Just Sayin's All

These are the things I really want to say to you...

Saturday, March 29, 2008

To: Hoteler

People who work for the company who don't have an assigned office or desk and who "sign in" when at the office are called hotelers. You're a hoteler.

Until yesterday we had never spoken a word to each other. You sort of have this lazy look about you, I can't quite put my finger on it, but I had decided I didn't like you. In fact, I think I once blogged about you and gave you a name with "Lazy" in it. I notice lately you've been signing into a desk near me and my co-workers and I just assume it's because we often have food left over from meetings that we put out for everyone and I know how much you enjoyed that one day. Seriously, the amount of times you came back for more I almost suggested you just take the whole damn thing with you! I also sometimes think you're a lesbian and you like my co-worker. There wouldn't be anything wrong with that of course, I'm just sayin's all. (-;

So you spoke to me the other day ... you even used my name like you know me or something. That's kinda weird if you ask me. I don't know you're name and it's not like you even thought to introduce yourself; you just asked me for help with something.

I'm glad I knew the answer. I didn't really want to spend any length of time talking to you.

Tuesday, March 25, 2008

To: É

Merci beaucoup.

To: Boss

Assume is pronounced "ass-oom", not "ash-oom".

You know, just so you know.

Tuesday, March 18, 2008

To: É

I accepted your invitation to spend the long weekend with you and purchased my train ticket today. I'm really looking forward to it too.

Je pratiquerai mon français.

Thursday, March 13, 2008

To: N

You totally broke the fuck buddy rules tonight.

Normally we just have sex ... that's what we do. Tonight we went out for drinks (WTF?!) ... although I figured sex would follow.

I was wrong.

Your reason why was the real shocker.

You wanted to set a precedent by not having sex and thereby take what we have to a higher level (your words, not mine).

Ummm ok. To say I was speechless is a real understatement. Even as I type this I can't believe those are the words that came out of your mouth.

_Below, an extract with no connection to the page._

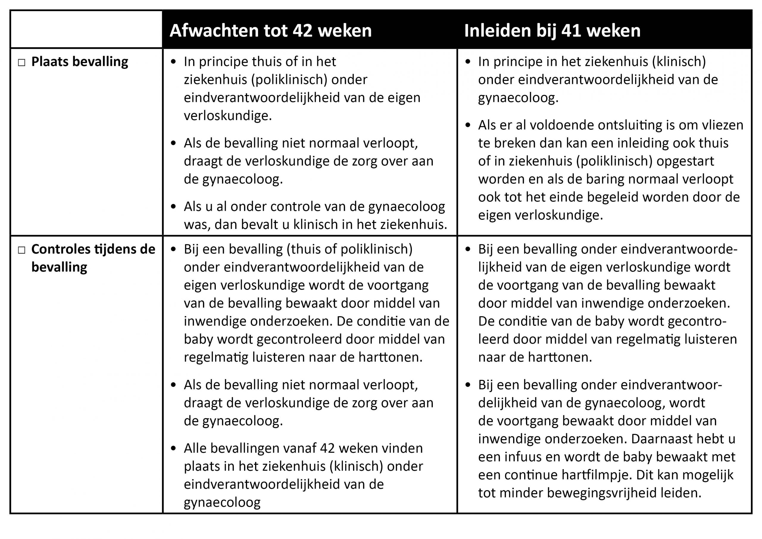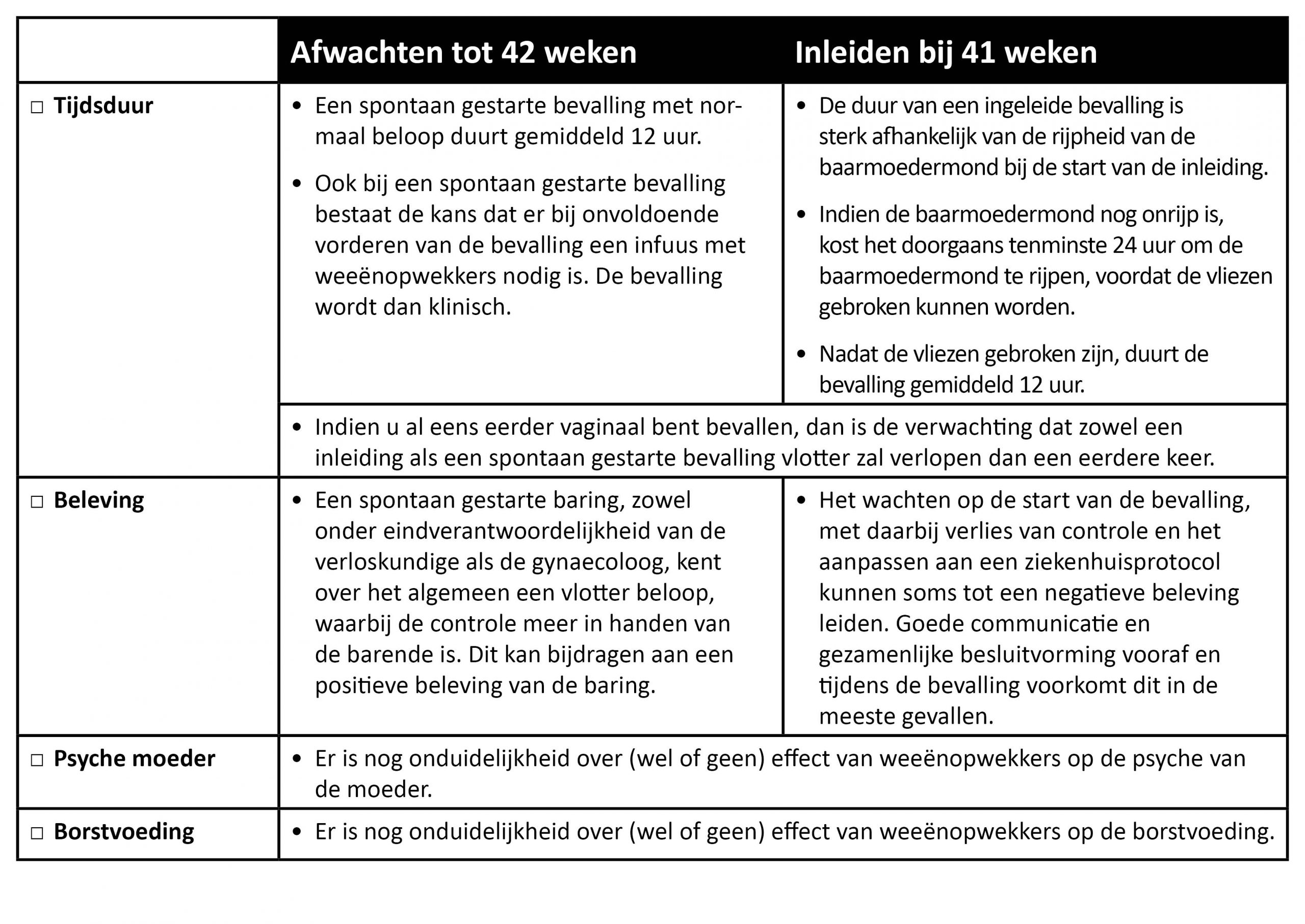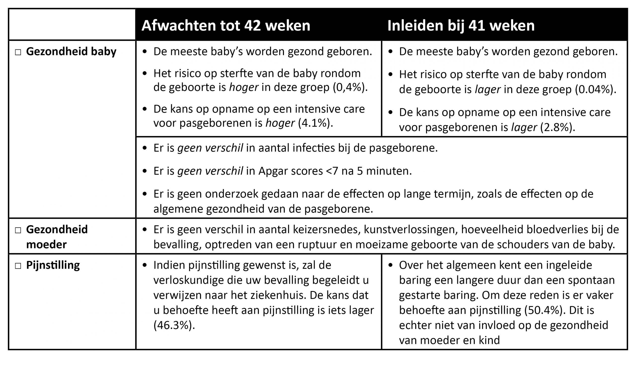 U hebt dan samen een gesprek gehad over de voor- en nadelen van zwanger zijn langer dan 41 weken en ook de voor- en nadelen van een inleiding besproken. De gegevens in de keuzehulp kunnen u helpen bij het maken van een keuze.

I don't know "N", I really don't.

We'll see what happens...

To: É

I'm really surprised ... pleasantly ... at how things have developed and I'm looking forward to the plans we've made. I'm glad we met while on holiday.

Tuesday, March 11, 2008

To: Front Row Classmate

Honestly, if you fucking brown-nose one more time I'm going to throw my textbook at your face.

I arrive to class a little early yesterday and there you are chatting with the teacher throwing out all these buzzwords from the textbook that no normal human would use in any sentence ever. Can you hear yourself? You are a total joke.

Your face is so far up the teacher's ass, you're practically wearing her as a hat and scarf!

To: Negative Nancy

Every word out of your fucking mouth is something negative. Seriously bitch, cheer the fuck up! If you don't want to be in class, just fucking leave!! I'm sick of hearing you sigh or make smart ass remarks under your breath as the teacher is trying to teach a class. You paid to be here! You should have saved your fucking money and bought a new attitude with it.

Wednesday, March 05, 2008

To: É

While on holiday, you wanted to set me up with your friend who I was not interested in.

Since returning from holiday, I have really enjoyed getting to know you better and look forward to the plans we've tentatively made.